Sunday, February 17, 2019

Chretien's Story -- Lecture 2

Assuming you may not know Chretien’s story, I give it to you here in summary form. Even if you do know it, a refresher might be of help.

He was a Mama’s boy. They lived in the woods together, away from the death-dealing world. His Daddy and his two older brothers were dead. His Mama looked to save him from their fate by keeping him at home. One day, while playing in the woods, he met a band of warriors. From their bearing and their outfits, he thought they were gods. They talked with him a bit and went on. From then on, he wanted to go. He left his Mama, took off, looking back only once to see that she was lying as if dead at the threshold to his new world. 
He had adventures and always won out though he did not know what he was doing, simply following his nose. He seemed to follow two basic rules: treat women well and never back down. He thought sometimes of his Mama but kept on rolling. 

The highlight of his life came but he did not know it. He was the overnight guest of a wounded king in a castle and was served several courses of an excellent meal. At the beginning of each course, a procession moved through the banquet hall, the same file of folk every time. 

A  squire carried a lance with a drop of blood at its tip. The blood dripped on the carrier’s hand. Two young men followed him. Each carried a candelabra.  A beautiful young woman carried a grail which shed a radiant light making the other lights in the hall seem dim and as nothing. A  young woman walking behind the grail carrier held a silver platter. They went each time into another room.
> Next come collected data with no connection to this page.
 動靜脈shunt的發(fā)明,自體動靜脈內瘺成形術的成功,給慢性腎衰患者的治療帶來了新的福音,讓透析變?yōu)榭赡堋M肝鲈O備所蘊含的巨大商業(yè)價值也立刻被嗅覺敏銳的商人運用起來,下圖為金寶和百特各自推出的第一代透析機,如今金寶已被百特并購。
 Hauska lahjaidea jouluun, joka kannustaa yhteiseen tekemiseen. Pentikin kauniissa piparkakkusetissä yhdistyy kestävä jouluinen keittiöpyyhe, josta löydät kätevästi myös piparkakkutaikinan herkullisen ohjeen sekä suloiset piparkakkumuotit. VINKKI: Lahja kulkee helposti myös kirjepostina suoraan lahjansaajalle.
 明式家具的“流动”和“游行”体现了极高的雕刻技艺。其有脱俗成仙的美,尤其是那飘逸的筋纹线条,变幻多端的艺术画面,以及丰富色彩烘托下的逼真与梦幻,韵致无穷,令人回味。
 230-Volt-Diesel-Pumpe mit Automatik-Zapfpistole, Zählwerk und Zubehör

Our hero noticed this of course. How could he not? And yet he always turned his attention back to the delicious food. He thought he would ask questions about it later, especially the question: Whom does the grail serve? The meal was over. He went to bed. He awoke in the morning and no one was there. The place was deserted. He mounted his horse and as he left, the castle disappeared. 

He was told later that if he had asked his question, the castle owner would have been healed of his wound and the land itself would have been brought back from polluted squalor. From then on, his life was one of trying to atone for his mistake. He continued questing for another chance with the castle and the grail.
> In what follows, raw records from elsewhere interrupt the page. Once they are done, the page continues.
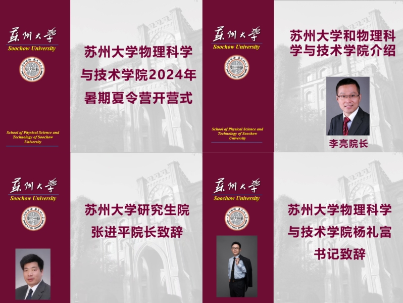 首先, 研究生院张进平院长向营员表示热烈欢迎,并向营员们介绍了我校研究生教育教学概况、人才培养理念以及学科特色及建设等情况,并重点介绍了萝莉社 作为首批30所“国优计划”试点高校之一,为全力保障“国优计划”的实施,在课程体系、能力培养、教育实践等方面的积极探索与创新,并鼓励营员们通过本次夏令营活动,能够树立教育理念,锤炼本领,未来能够成长为国家基础教育的生力军。李亮院长从萝莉社 学科现状与实力、人才培养质量与发展前景、师资力量与科研水平等方面介绍了学院的整体情况,并向全国各地有志于读研的优秀学子发出了诚挚邀请,希望能和同学们在苏大物理再次相见。 最后,杨礼富书记代表学院党委致欢迎辞,他表示苏州得天独厚的人文地理优势和自身办学条件优势为培养优秀的创新型人才创造了有利条件,萝莉社 在124年的发展过程中始终“敢为人先,勇于担当”,希望各位营员通过本次夏令营丰富多彩的活动,能够了解苏大,走进苏大,走进物理学院。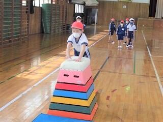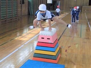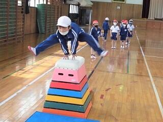 1年生の体育の様子。この日は跳び箱に取り組みました。三つの「場」が設けられています。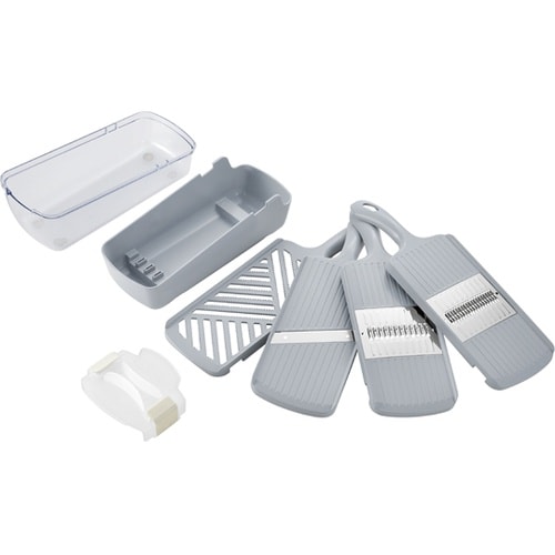 スライス刃:ステンレス刃物鋼 | 千切り・細千切り:ステンレス鋼 | フタ:AS樹脂 | ホルダー:ポリプロピレン | その他:ABS樹脂 | 耐冷温…
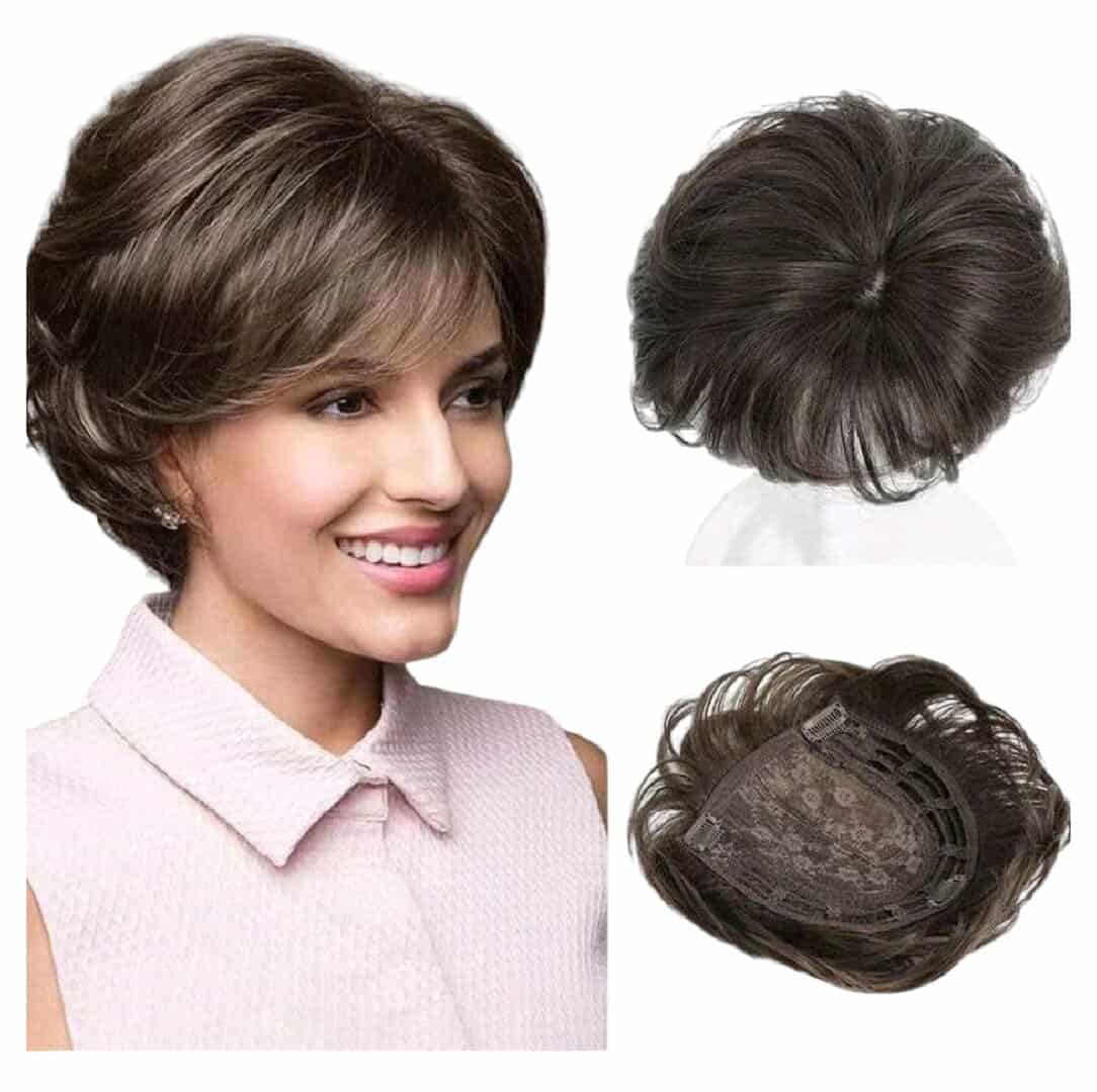 Γυναικείο Topper Τουπέ κορυφής μαλλιών με κλιπ μεγάλης επιφάνειας – Καστανό σκούρο 6 inches

This portion of the Grail story has five major parts: The Seeker, The Wounded King, The Lance And Its Blood, The Grail With Young Woman, The Hidden One Whom The Grail served. 
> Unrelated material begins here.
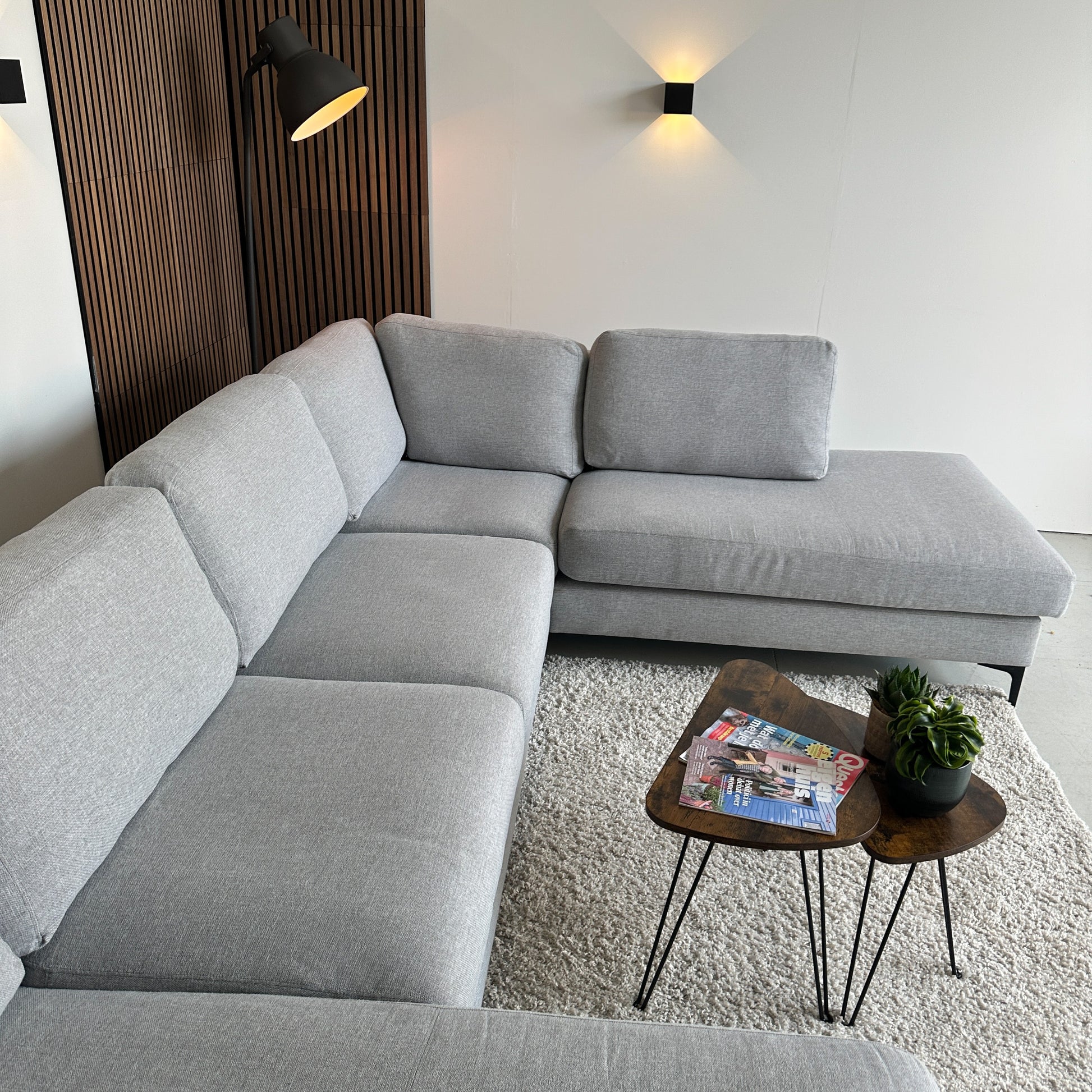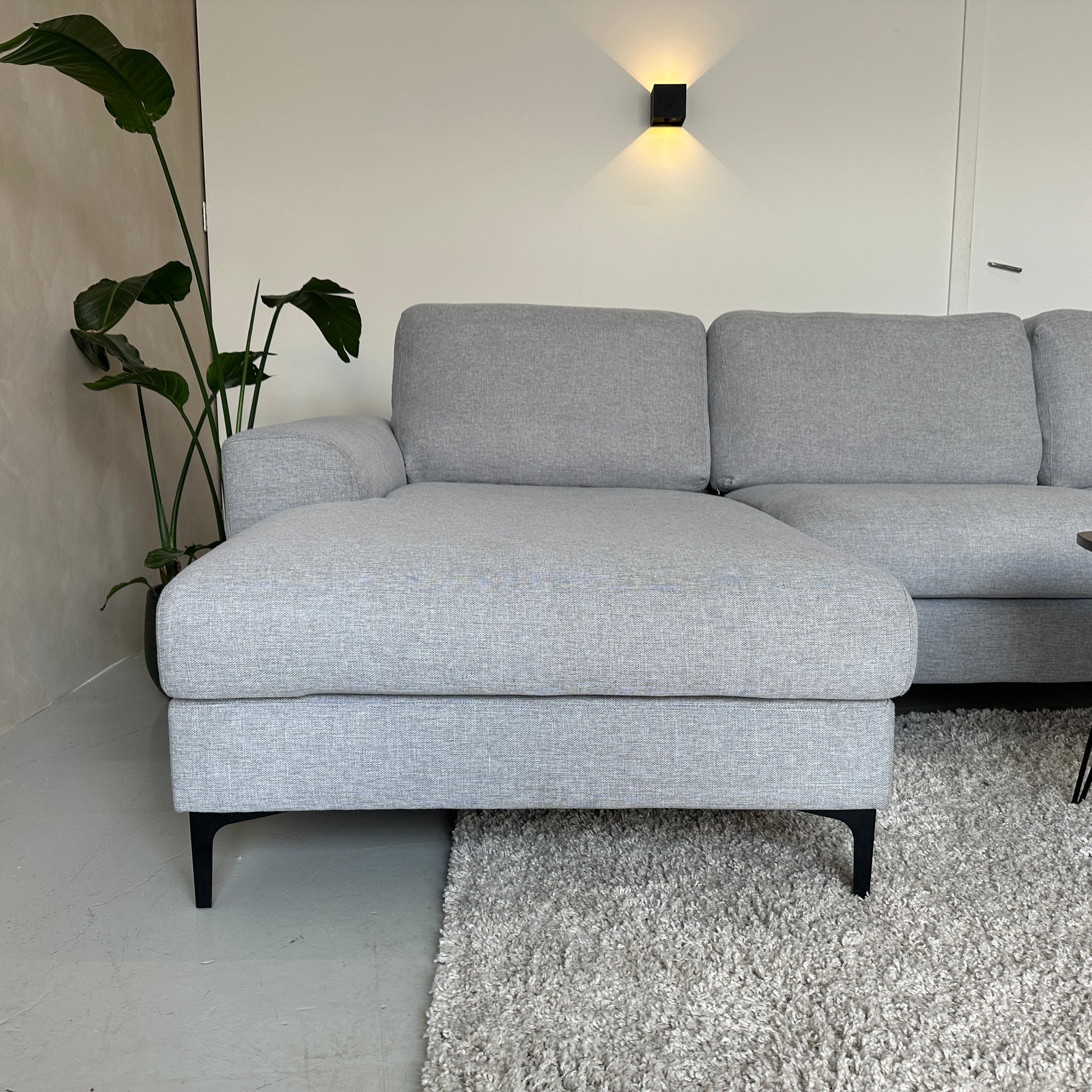 Deze ruime hoekbank in lichtgrijze stof straalt rust en elegantie uit. De zachte zit biedt heerlijk comfort, ideaal om lekker in weg te zakken na een lange dag. De strakke lijnen en zwarte poten geven de bank een moderne uitstraling. Een stijlvolle en comfortabele toevoeging aan ieder interieur.

As you float within the story capsule, these five entities work upon you, transform your consciousness, your being. You may more easily identify with one more than another. Rest assured, they are all you.

U of G Course 101: The Story of the Holy Grail -- Lecture 1

The original Grail story was written by Chretien de Troyes in the late 12th century. He never finished it (he died in 1191). In the story, Perceval, a young inexperienced knight out on his sojourn, stumbles into an invited entry into an enchanted castle. He is welcomed to a sumptuous meal of many courses by the wounded Fisher King. Between each course a strange procession passes through the dining hall and goes into an adjacent room. Perceval notices but says nothing. The Grail is the highlight of the procession.

No Christian symbology is presented by Chretien in this original description of the Grail procession. He adds it later in the story after Perceval meets a Christian hermit who retells the story according to his own world view.  So it has been ever since, from Wolfram von Eschenbach to Monty Python. I will be no different.

My world view shines out from what has been termed “cosmic consciousness,” a consciousness that does not adhere to any fixed dogmatic standard, a consciousness that knows no bounds, where “God is a circle with no circumference whose center is everywhere,” a consciousness that continues unfolding out of this eternal now.


[END NOTE -- Studying the original Grail story off and on during the night and seeing that it has no Christian or Celtic or Pagan or other popular point of view allusions. These are all added in later by those with such viewpoints. The original Grail story is like a Rorschach test in which viewers reveal their own psychological frame.]